Un premier scénario — que l’on pourrait appeler celui de la démocratie avancée — consiste à utiliser toutes les marges de manœuvre encore disponibles pour reconstruire un véritable service public : arrêt des nouvelles privatisations, investissement massif dans les infrastructures, développement du fret ferroviaire, réintégration progressive des activités fragmentées, embauches sous statut, planification publique de long terme, coopération entre réseaux européens plutôt que mise en concurrence permanente. Une telle politique supposerait également une remise en cause de l’application des règles européennes lorsqu’elles empêchent la satisfaction des besoins populaires, afin de faire primer les nécessités sociales sur les exigences de concurrence.
Mais une analyse matérialiste impose également d’examiner les limites structurelles. Si les traités et les directives rendaient durablement impossible cette réorientation, alors la contradiction changerait de nature. La question ne serait plus seulement celle d’une autre politique dans le cadre existant, mais celle du cadre lui-même.

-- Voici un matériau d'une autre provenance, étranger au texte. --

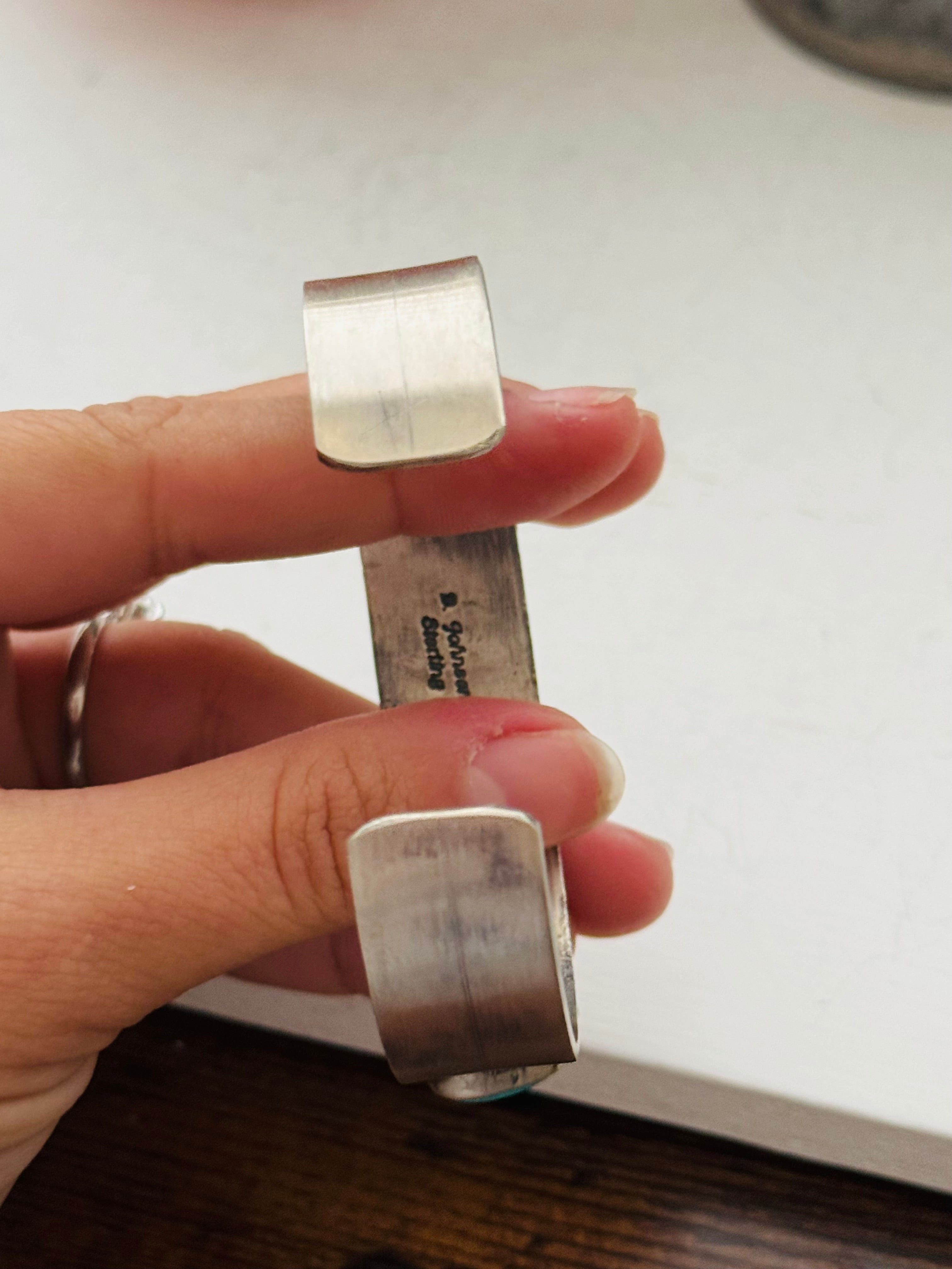 Bobby Johnson Kingman Turquoise & Sterling Silver Cuff Bracelet. It measures 1/2 of an inch wide with an inside circumference of 5 5/8 inches and a gap of 1 inch. Signed by the artist and stamped sterling silver.

C’est alors qu’un second scénario pourrait être posé au débat : un processus de reconquête de la souveraineté populaire, progressif, démocratique et social, permettant de retrouver la maîtrise des grands choix économiques, industriels et budgétaires. Dans cette perspective, une éventuelle sortie des traités européens, voire de l’Union européenne, ne constituerait pas un objectif en soi mais un moyen éventuel au service d’un projet de transformation sociale : reconstruction des services publics, réindustrialisation, planification écologique, nationalisation des secteurs stratégiques et extension des pouvoirs des travailleurs dans les entreprises.
Dans les deux hypothèses, la question essentielle demeure la même : comment reconstruire un rapport de forces populaire capable d’imposer que les infrastructures essentielles soient organisées non selon la logique de la rentabilité du capital, mais selon les besoins de la population ? C’est probablement là que réside aujourd’hui la contradiction politique principale.
Sujet qui doit être lié au 40eme Congrès avec les outils pour renforcer et recrée les cellules cheminotes (cf les articles de Thorez de juin 1924 sur l’enjeu des cellules d’entreprises pour le parti).